— YOUR ASSIGNMENT —
Go through the listing below and repeat it exactly, omitting each picture.

_ _ _

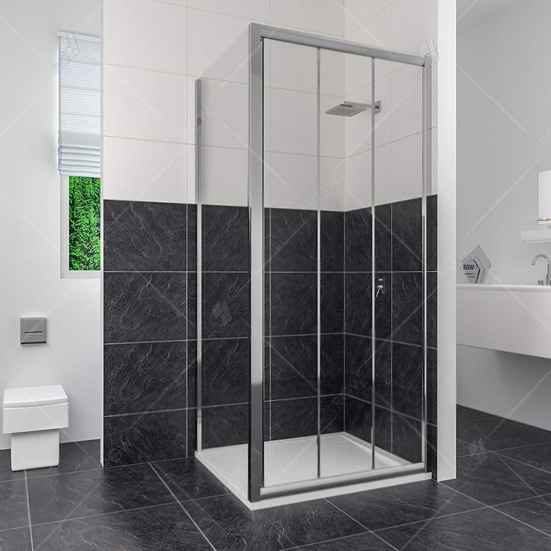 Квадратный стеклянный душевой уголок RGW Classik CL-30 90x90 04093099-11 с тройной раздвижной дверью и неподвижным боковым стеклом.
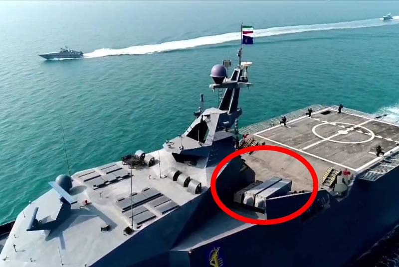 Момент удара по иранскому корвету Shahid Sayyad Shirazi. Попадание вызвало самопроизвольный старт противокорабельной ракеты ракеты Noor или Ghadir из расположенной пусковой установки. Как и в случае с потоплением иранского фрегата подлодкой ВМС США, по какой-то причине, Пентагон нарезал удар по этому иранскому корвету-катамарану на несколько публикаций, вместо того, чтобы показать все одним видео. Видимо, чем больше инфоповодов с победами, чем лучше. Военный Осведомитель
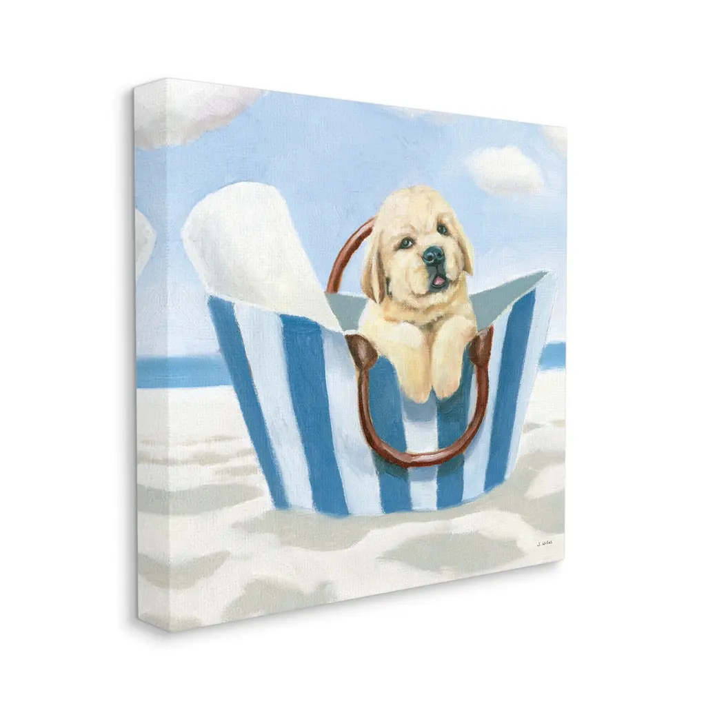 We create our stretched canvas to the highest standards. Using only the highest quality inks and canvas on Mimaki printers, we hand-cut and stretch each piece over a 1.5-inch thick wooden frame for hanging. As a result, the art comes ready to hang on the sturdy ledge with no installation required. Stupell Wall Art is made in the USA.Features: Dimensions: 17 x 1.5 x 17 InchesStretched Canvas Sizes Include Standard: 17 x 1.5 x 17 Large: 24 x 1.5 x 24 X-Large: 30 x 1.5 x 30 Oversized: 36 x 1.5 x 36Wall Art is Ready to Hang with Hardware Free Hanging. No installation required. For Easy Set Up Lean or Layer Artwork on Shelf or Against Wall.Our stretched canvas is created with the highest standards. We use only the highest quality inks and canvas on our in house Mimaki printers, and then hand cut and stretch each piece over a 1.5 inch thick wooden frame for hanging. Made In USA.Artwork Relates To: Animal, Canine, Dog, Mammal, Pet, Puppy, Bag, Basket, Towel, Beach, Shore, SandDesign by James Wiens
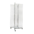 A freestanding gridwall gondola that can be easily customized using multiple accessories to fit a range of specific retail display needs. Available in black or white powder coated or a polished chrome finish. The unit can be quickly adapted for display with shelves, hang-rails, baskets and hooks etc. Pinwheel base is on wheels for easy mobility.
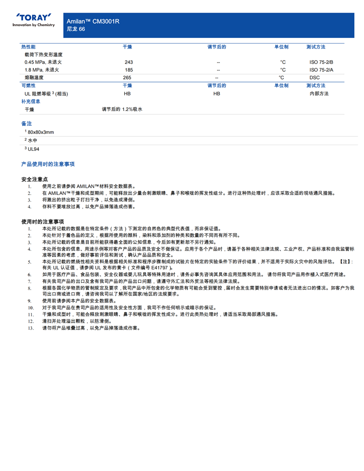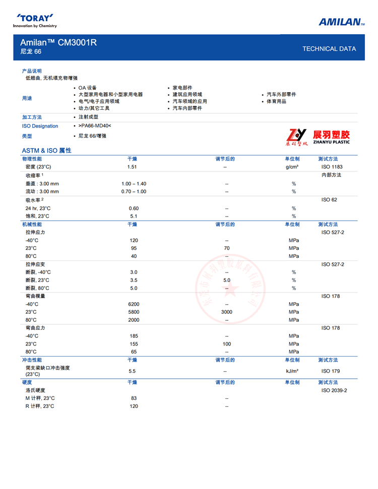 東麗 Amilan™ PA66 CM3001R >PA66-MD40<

_ _ _

— TASK ANSWER —
 Квадратный стеклянный душевой уголок RGW Classik CL-30 90x90 04093099-11 с тройной раздвижной дверью и неподвижным боковым стеклом.
 Момент удара по иранскому корвету Shahid Sayyad Shirazi. Попадание вызвало самопроизвольный старт противокорабельной ракеты ракеты Noor или Ghadir из расположенной пусковой установки. Как и в случае с потоплением иранского фрегата подлодкой ВМС США, по какой-то причине, Пентагон нарезал удар по этому иранскому корвету-катамарану на несколько публикаций, вместо того, чтобы показать все одним видео. Видимо, чем больше инфоповодов с победами, чем лучше. Военный Осведомитель
 We create our stretched canvas to the highest standards. Using only the highest quality inks and canvas on Mimaki printers, we hand-cut and stretch each piece over a 1.5-inch thick wooden frame for hanging. As a result, the art comes ready to hang on the sturdy ledge with no installation required. Stupell Wall Art is made in the USA.Features: Dimensions: 17 x 1.5 x 17 InchesStretched Canvas Sizes Include Standard: 17 x 1.5 x 17 Large: 24 x 1.5 x 24 X-Large: 30 x 1.5 x 30 Oversized: 36 x 1.5 x 36Wall Art is Ready to Hang with Hardware Free Hanging. No installation required. For Easy Set Up Lean or Layer Artwork on Shelf or Against Wall.Our stretched canvas is created with the highest standards. We use only the highest quality inks and canvas on our in house Mimaki printers, and then hand cut and stretch each piece over a 1.5 inch thick wooden frame for hanging. Made In USA.Artwork Relates To: Animal, Canine, Dog, Mammal, Pet, Puppy, Bag, Basket, Towel, Beach, Shore, SandDesign by James Wiens
 A freestanding gridwall gondola that can be easily customized using multiple accessories to fit a range of specific retail display needs. Available in black or white powder coated or a polished chrome finish. The unit can be quickly adapted for display with shelves, hang-rails, baskets and hooks etc. Pinwheel base is on wheels for easy mobility.
 東麗 Amilan™ PA66 CM3001R >PA66-MD40<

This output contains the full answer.